Estimating IAS losses using survey responses doubled the cost estimate based on literature alone. This was due to a combination of responses from countries that are underrepresented in the literature and additional estimates for almost all pests, and highlights the need for more information on IAS impacts in Africa. For species that have been present in Africa for less than 10 years (Spodoptera frugiperda, Phthorimaea absoluta), it is possible that current research, that was reported through the survey, has not yet been published, and therefore the costs found in the literature do not present the current economic cost of these species. Research into species that are newly invasive in an area commonly focuses on the biology, potential yield loss and possible control methods for that species, rather than the economic impact. For example, only one of the top ten studies on S. frugiperda in Africa quantified the potential economic loss caused by the species (Abrahams et al. 2017). Furthermore, the longer a species has been present the better or more cost-effective the management interventions become. However, if a resurgence of damage caused by a species occurs, e.g. P. manihoti damage has increased over the past five years in certain areas (Bisimwa et al. 2019; Fening et al. 2014), this may not be widely reported in the literature yet, and only reported through the survey results. In addition, the value of the crop affected by the IAS will have an effect on the economic losses reported. For example, P. absoluta is a serious pest of tomato, a key cash crop for much of Africa, so any yield loss caused by the species has serious economic and financial consequences for the farmers involved (Aigbedion-Atalor et al. 2019). These costs are likely to have been reported by survey respondents, as the broad-scale impact being experienced by farmers were widely reported in the media and through agricultural websites, but there is limited reporting of these costs in the literature so far (Rwomushana et al. 2019).
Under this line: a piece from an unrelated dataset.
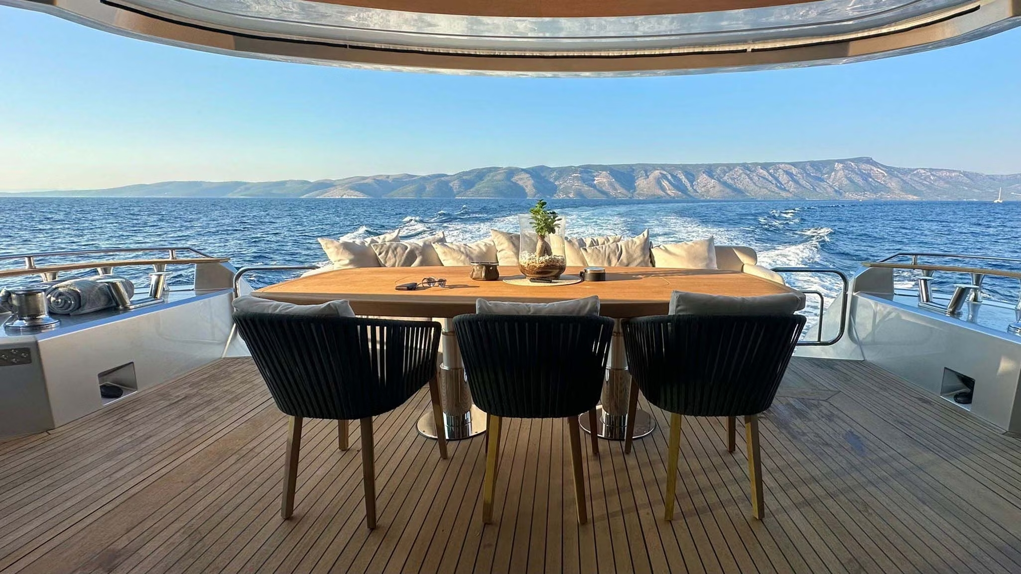 VENUS features a contemporary flybridge design with generous outdoor living spaces across multiple levels. The main deck aft platform provides easy access to the water and serves as the primary entertainment area. The flybridge offers elevated views and additional relaxation space with integrated seating areas. Her semi-displacement GRP hull delivers impressive performance with a cruising speed of 12 knots and maximum speed of 23 knots, powered by twin MAN 1400 KW engines.
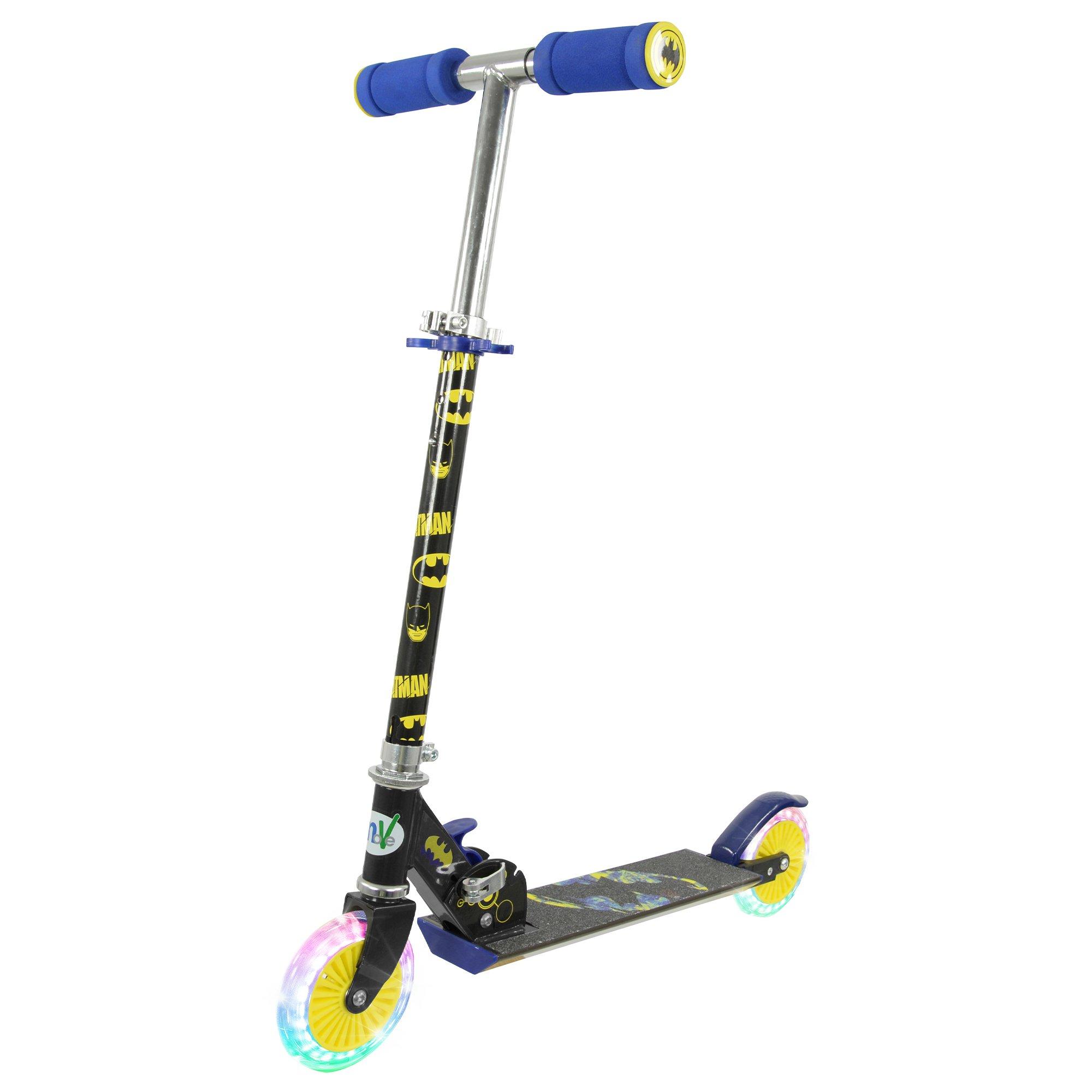 Gear up for Gotham adventures with the Batman Folding Inline Scooter with Light Up Wheels! This officially licensed scooter is the ultimate choice for young super heros. With its motion-activated light-up wheels and character graphics, you'll feel like you're patrolling the streets in style. The robust steel frame and puncture-proof tires ensure durability and confidence, while the reactive rear footbrake gives you quick and precise stopping power. Plus, with its adjustable handlebar height and quick-folding mechanism, this scooter grows with you and is easy to store or transport wherever your missions take you. Whether you're racing through the streets or cruising to school, the Batman Folding Inline Scooter with Light Up Wheels is the perfect ride. So, hit the streets with this bat-tastic scooter – because with every ride, you'll be one step closer to becoming the hero Gotham deserves!

There is a possibility that survey respondents gave information on the species they work on and unintentionally overestimated the loss in the absence of rigorous data. Perception data is unlikely to be as accurate as field measurements, but we have no reason to believe that higher estimates following inclusion of survey results as basis for the calculations were due to systematic overestimation. We assessed this by comparing loss and abundance data obtained from literature and the survey for P. absoluta and S. frugiperda. While it is true that the loss estimates were higher in the survey results for S. frugiperda (0.54 ± 0.10 vs. 0.27 ± 0.05; mean ± SE per country), there was also more variation that allowed us to generate low, mid and high estimates, which was in most cases absent from the literature. Moreover, the estimates for abundance of the pest were much lower and more differentiated than what could be deducted from the literature (0.63 ± 0.10 vs. 1.00 ± 0.00). A similar pattern was found for P. absoluta: the loss estimates were higher in the survey results (0.66 ± 0.09 vs. 0.49 ± 0.05), and the estimates for abundance of the pest were much lower and more differentiated than in the literature (0.54 ± 0.10 vs. 1.00 ± 0.00). However, when loss was calculated based on these values (loss caused * abundance), we found no such obvious difference between literature and survey results (for example: in S. frugiperda 0.27 ± 0.05 vs. 0.32 ± 0.08; in P. absoluta: 0.49 ± 0.05 vs. 0.41 ± 0.10). Thus, the difference in the estimates (Table 5) came from the extrapolation, where values for loss for data deficient countries were adopted from countries with the most similar agro-ecological zones. When survey results were included, the extrapolation was based on more countries than the small sample for which only literature data were available (for S. frugiperda: four vs 12 countries, for P. absoluta: three vs. seven countries). Hence, the higher estimated costs when survey data were used appear to be the result of the more robust data obtained by conducting the survey, which clearly increased the number of countries for which data are available and increased detail, and not due to a difference in survey and literature data.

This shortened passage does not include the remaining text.